After having turned over the leaves of the printed volumes, I at length lighted on a small book of maps, from which, of course, I could reasonably expect no information, on that point about which I was most curious. It was an atlas, in which the maps had been drawn by the pen. None of them contained any thing remarkable, so far as I, who was indeed a smatterer in geography, was able to perceive, till I came to the end, when I noticed a map, whose prototype I was wholly unacquainted with. It was drawn on a pretty large scale, representing two islands, which bore some faint resemblance, in their relative proportions, at least, to Great Britain and Ireland. In shape they were widely different, but as to size there was no scale by which to measure them. From the great number of subdivisions, and from signs, which apparently represented towns and cities, I was allowed to infer, that the country was at least as extensive as the British isles. This map was apparently unfinished, for it had no names inscribed upon it.

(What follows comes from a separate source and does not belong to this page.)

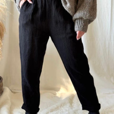 Ny sort pen bukse i lin/viscose. Stikklommer i sidene og glidelås m/hemper i linningen.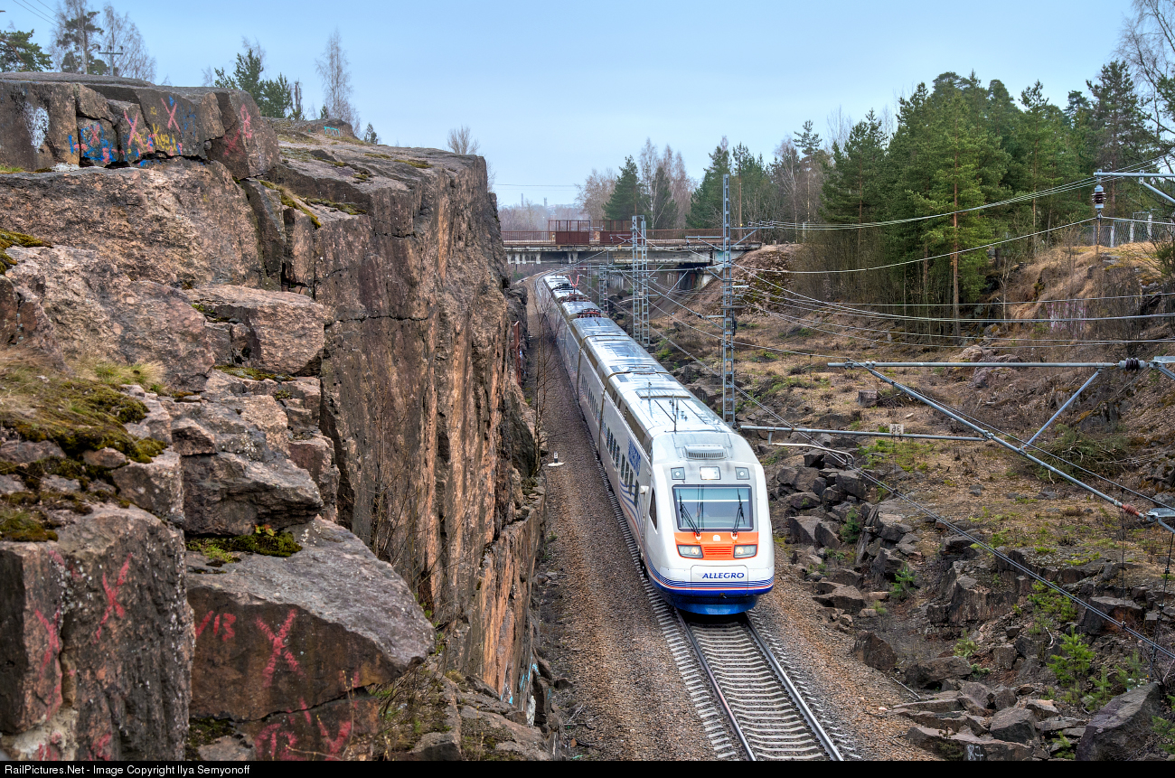 High-speed Allegro (Sm6) on it's way from Saint Petersburg (RUS) to Helsinki (FIN) near Vyborg city, Leningrad region

I have just said, my geographical knowledge was imperfect. Though I had not enough to draw the outlines of any country by memory, I had still sufficient to recognize what I had before seen, and to discover that none of the larger islands in our globe resembled the one before me. Having such and so strong motives to curiosity, you may easily imagine my sensations on surveying this map. Suspecting, as I did, that many of Ludlow's intimations alluded to a country well known to him, though unknown to others, I was, of course, inclined to suppose that this country was now before me.

In search of some clue to this mystery, I carefully inspected the other maps in this collection. In a map of the eastern hemisphere I soon observed the outlines of islands, which, though on a scale greatly diminished, were plainly similar to that of the land above described.